X = vectorize_modis_l1(features_train, modis_band_dic)

print(X.shape)
(2016074, 8)
X_scaled = scaler_liquid.transform(X)
%%time

gp_liquid_y_prob = gp_liquid.predict_proba(X_scaled)
CPU times: user 8.28 s, sys: 3.01 s, total: 11.3 s
Wall time: 9.97 s
def plot_y_prob(data, title):
    figure(num=None, figsize=(12, 10), dpi=80, facecolor='w', edgecolor='k')
    cmap = sns.color_palette("RdBu_r", n_colors=10)
    cmap = mpl.colors.ListedColormap(cmap)
    img = plt.imshow(np.fliplr(data), cmap=cmap,interpolation='none', origin='lower', vmin=0.0, vmax=1.0)
    cbar = plt.colorbar(img, cmap=cmap)
    plt.title(title, fontsize=16)
    l = [int(i) for i in np.linspace(0,data.shape[1],6)]
    plt.xticks(l, [i for i in reversed(l)], rotation=0, fontsize=11 )
    l = [int(i) for i in np.linspace(0,data.shape[0],9)]
    plt.yticks(l, l, rotation=0, fontsize=11 )
    plt.xticks(fontsize=11)
    plt.yticks(fontsize=11)
    plt.show()
l = ['liquid', '(not) liquid']
l.sort()

print(l)
['(not) liquid', 'liquid']
modis_y_prob = np.zeros((cloud_mask_flag.shape)) 
modis_y_prob[row,col] = gp_liquid_y_prob[:,1]
plot_y_prob(modis_y_prob, 'Probability of liquid clouds')

png

X_scaled = scaler_ice.transform(X)

gp_ice_y_prob = gp_ice.predict_proba(X_scaled)

modis_y_prob = np.zeros((cloud_mask_flag.shape)) 
modis_y_prob[row,col] = gp_ice_y_prob[:,1]

plot_y_prob(modis_y_prob, 'Probability of ice clouds')

png

Conclusions

In this notebook, I summarized my first attempt of using machine learning Gaussian processes to develop a cloud phase and multilayer cloud classification algorithm for MODIS. GP give good results on the training and test datasets. Unfortunetly it appears that it is not the best approach to use in production since Gaussian processes approach becomes very slow when the size of the training dataset increases (which will be necessary if I want to add new input features such the surface type, more MODIS bands, etc). So

What are the pro(s) of Gaussian Processes ?

  • Easy to train (not a lot of hyperparamters)

What are the con(s) of Gaussian Processes ?

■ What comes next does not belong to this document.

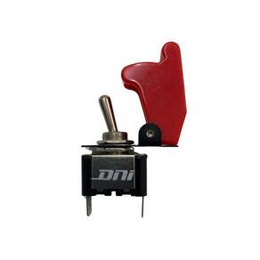 - código: dni 2083 - aplicação: uso geral, tunning; tic-tac tipo caça; - 2 terminais; - tensão: 12 a 250v; - carga máxima: 400w; - corpo em baquelite; - 2 posições - on / off liga/ desliga ; - com capa - tampa na cor vermelha que protege a alavanca; - dimensões aprox.: 6,1 x 4,3 x 1,7cm.

  • Very slow to make a new prediction ('lazy learning': use the entire training dataset to make a prediction)

What do we learned ?

Even if GP is not the best suited approach, I learned a bunch of things that will be used in the future notebooks:

  • cloud phase and mutlialyer cloud classification is a multi-label problem not a multi-class problem (1 vs all strategy not 1 vs 1 to train ML models).
  • how to scale and homogenize the data.
  • how to vectorize MODIS cloudy pixels to apply a ML model.

What is the next step ?

  • I will try the same approach but using a deep neural network instead, that will be presented in the next jupyter notebook.